Но никто не спешил добивать его, и ледяной ужас, прихвативший за глотку клещами, чуть отпустил. Хасан управился сесть, привалился к стене спиной. Увидел: темные тени у стены напротив зашевелились, раздался глухой стон. Вот одна поднялась. Помогла другой.
– Берите осла, – выговорил Хасан хрипло. – Берите осла и уходите. Я не стану доносить на вас.
Тень разогнулась, и придавленный, полный боли голос прошипел: «Твой долг ослом не покроешь, святоша!»
А Хасан вдруг, будто камень с обочины, подобрал внезапно подвернувшееся воспоминание. А вдруг? Спасение часто лежит в местах, о которых и не подозреваешь.
– Мой долг таким, как вы, покрывают братья Сасана, – сказал он. – Два Фельса мне должен за полдела.
Тень хрипло выругалась на непонятном языке.

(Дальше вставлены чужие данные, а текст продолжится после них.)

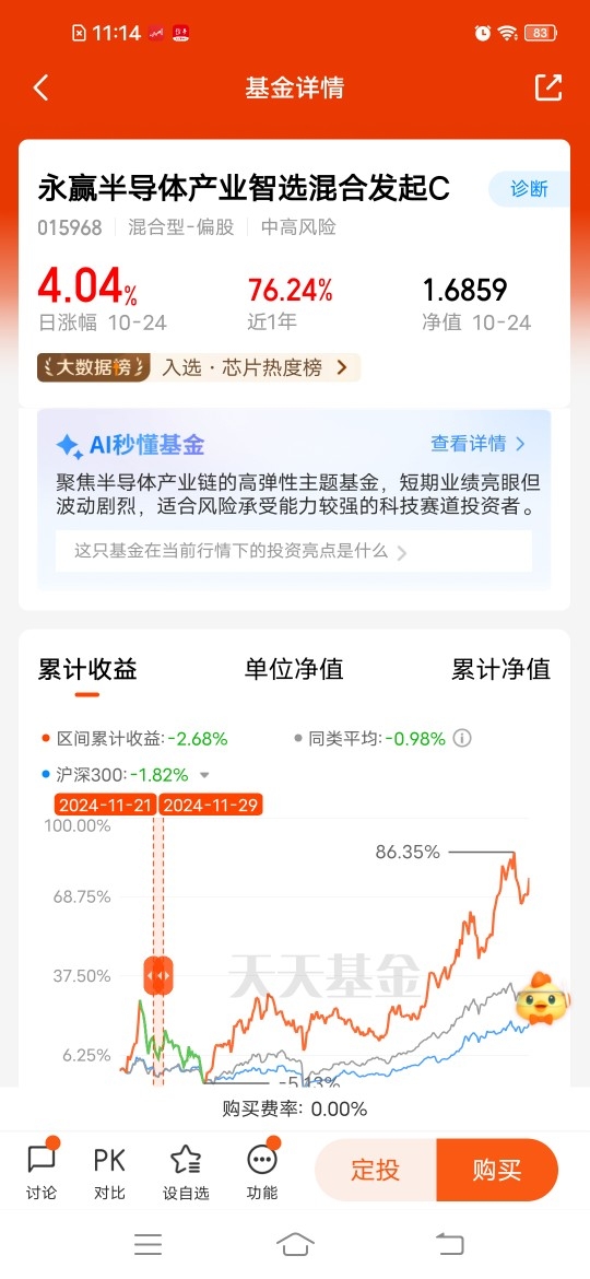 $永赢半导体产业智选混合发起C$整体趋势不错,弹性十足的,上周五涨幅4.84%,

Потом добавила: «Ты не думай, святоша, что ты просто так выкрутишься. В другой раз и второй пыряк тебе не поможет». Но в словах его слышалась не угроза, а скорее страх.

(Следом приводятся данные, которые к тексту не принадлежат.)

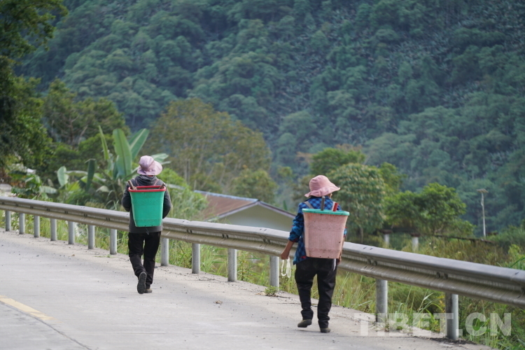 圖為行走在墨脫縣德興鄉鄉間公路上的村民,她們依然保留著背東西的習慣 攝影:趙振宇

Хасан, держась за стену, встал. И сейчас же тень подалась назад, зашипев.
– Убирайтесь! – приказал Хасан.
Тут с земли поднялся колченогий слуга. Вместе с разбойником они погрузили на осла распростертое на земле тело, скинув мех с финиками, чтобы освободить место. Слуга повел осла под уздцы, а разбойник, шипя от боли, помог оторваться от стены еще одному, скорчившемуся беспомощно.
– Мы еще встретимся, – пообещал из темноты переулка змеиный, искаженный болью голос.

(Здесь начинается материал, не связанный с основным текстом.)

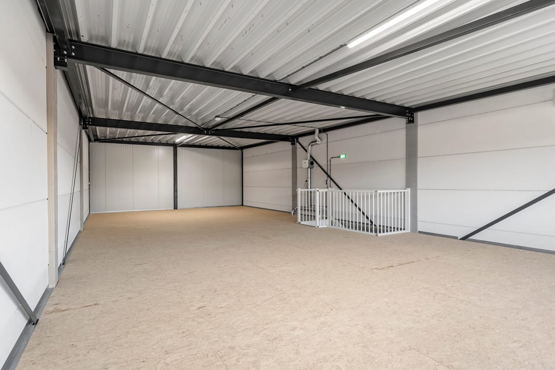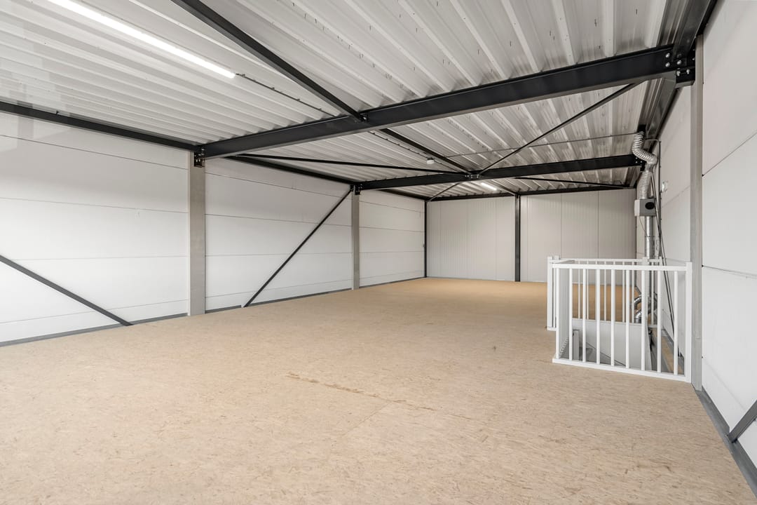 Het bedrijfsgebouw zal worden opgeleverd in en huidige staat, onder andere voorzien van zonnepanelen, scheidingswanden en sanitaire voorzieningen.

Хасан выждал немного. Увидел, что его кинжал так и остался лежать посреди улицы, льдисто посверкивая в лунном свете. Подобрал его, присев на корточки. Потом долго не мог встать. Пришлось на четвереньках подобраться к стене, чтобы встать, держась за нее. А поднявшись, побрел домой, стараясь не падать, когда на месте стены внезапно оказывался провал улицы. В квартале дейлемитов Хасану посветил в лицо лампой ночной сторож и охнул удивленно, узнав: «Господин Хасан, что с вами? Вам врача?»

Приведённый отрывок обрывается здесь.